SerDe Library: org.apache.hadoop.hive.serde2.lazy.LazySimpleSerDe

InputFormat: org.apache.hadoop.mapred.TextInputFormat

OutputFormat: org.apache.hadoop.hive.ql.io.HiveIgnoreKeyTextOutputFormat

Compressed: No

Num Buckets: -1

Bucket Columns: []

Sort Columns: []

Storage Desc Params:

field.delim ,

serialization.format ,

Time taken: 0.344 seconds, Fetched: 33 row(s)

Hive folder structure in HDFS

[cloudera@quickstart ~]$ hdfs dfs -ls /user/hive/warehouse/
Found 4 items
drwxrwxrwx - cloudera supergroup 0 2020-02-12 17:36 /user/hive/warehouse/feb2020.db
drwxrwxrwx - cloudera supergroup 0 2020-01-21 10:24 /user/hive/warehouse/jan2020.db
drwxrwxrwx - cloudera supergroup 0 2020-03-09 18:49 /user/hive/warehouse/mar2020.db
drwxrwxrwx - cloudera supergroup 0 2020-02-01 09:49 /user/hive/warehouse/retail.db
[cloudera@quickstart ~]$ hdfs dfs -ls /user/hive/warehouse/mar2020.db
Found 1 items
drwxrwxrwx - cloudera supergroup 0 2020-03-09 18:55 /user/hive/warehouse/mar2020.db/students_mar
[cloudera@quickstart ~]$ hdfs dfs -ls /user/hive/warehouse/mar2020.db/students_mar
Found 1 items
-rwxrwxrwx 1 cloudera supergroup 106 2020-03-09 18:55 /user/hive/warehouse/mar2020.db/students_mar/students_hive.txt

[cloudera@quickstart ~]$

Load the same file 2nd time

hive> load data local inpath 'file:///home/cloudera/Desktop/Basha/Basha2019/HIVE_Practicals/students_hive.txt' into table students_mar;

Loading data to table mar2020.students_mar

Table mar2020.students_mar stats: [numFiles=2, totalSize=212]

Data gets appended

hive> select * from students_mar;

John Banglore 12345 BiGData

Mike Hyderabad 112233 Java

Bob Delhi 11111 DataScience

Smith Mumbai 22222 DBA

John Banglore 12345 BiGData

Mike Hyderabad 112233 Java

Bob Delhi 11111 DataScience

Smith Mumbai 22222 DBA

Time taken: 0.07 seconds, Fetched: 8 row(s)
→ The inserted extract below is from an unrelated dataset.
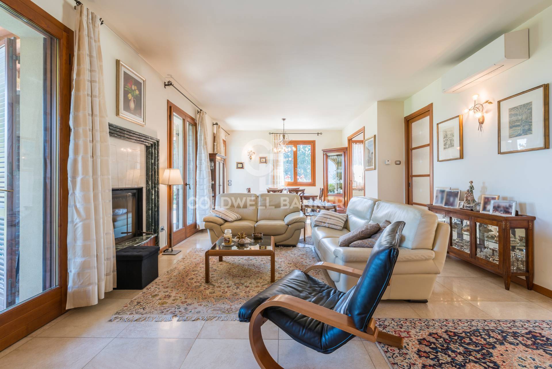 Al piano terra si sviluppa una zona giorno luminosa e accogliente, composta da soggiorno con camino e affaccio sul portico, zona pranzo, cucina abitabile separata e studio, facilmente adattabile anche a stanza ospiti.

[cloudera@quickstart ~]$ hdfs dfs -ls /user/hive/warehouse/mar2020.db/students_mar

Found 2 items

-rwxrwxrwx 1 cloudera supergroup 106 2020-03-09 18:55 /user/hive/warehouse/mar2020.db/students_mar/students_hive.txt

-rwxrwxrwx 1 cloudera supergroup 106 2020-03-17 10:42 /user/hive/warehouse/mar2020.db/students_mar/students_hive_copy_1.txt

[cloudera@quickstart ~]$

Replace/Overwrite the data

hive> load data local inpath 'file:///home/cloudera/Desktop/Basha/Basha2019/HIVE_Practicals/students_hive.txt' overwrite into table students_mar;
Loading data to table mar2020.students_mar
Table mar2020.students_mar stats: [numFiles=1, numRows=0, totalSize=106, rawDataSize=0]
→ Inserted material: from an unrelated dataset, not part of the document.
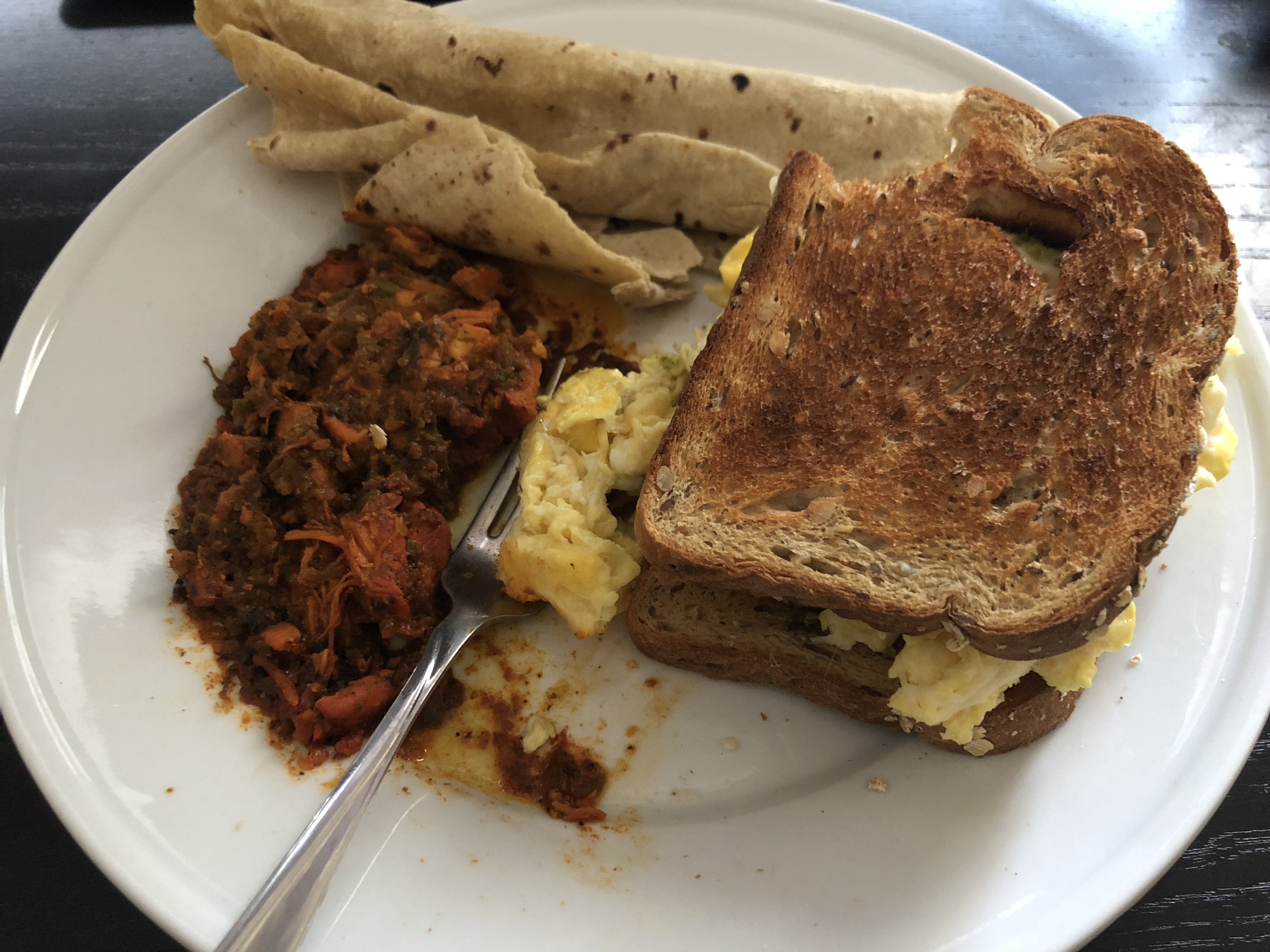 So, I got some indian chicken tikka, roti and then I even made an egg sandwich as my "side" dish!!!

hive> select * from students_mar;
OK
John Banglore 12345 BiGData
Mike Hyderabad 112233 Java
Bob Delhi 11111 DataScience
Smith Mumbai 22222 DBA
Time taken: 0.098 seconds, Fetched: 4 row(s)

[cloudera@quickstart ~]$ hdfs dfs -ls /user/hive/warehouse/mar2020.db/students_mar

Found 1 items

-rwxrwxrwx 1 cloudera supergroup 106 2020-03-17 10:49 /user/hive/warehouse/mar2020.db/students_mar/students_hive.txt

[cloudera@quickstart ~]$

Schema On-Read

Take a sample file(students_new.txt) with more columns.

hive> load data local inpath 'file:///home/cloudera/Desktop/Basha/Basha2019/HIVE_Practicals/students_new.txt' overwrite into table students_mar;
Loading data to table mar2020.students_mar
Table mar2020.students_mar stats: [numFiles=1, numRows=0, totalSize=162, rawDataSize=0]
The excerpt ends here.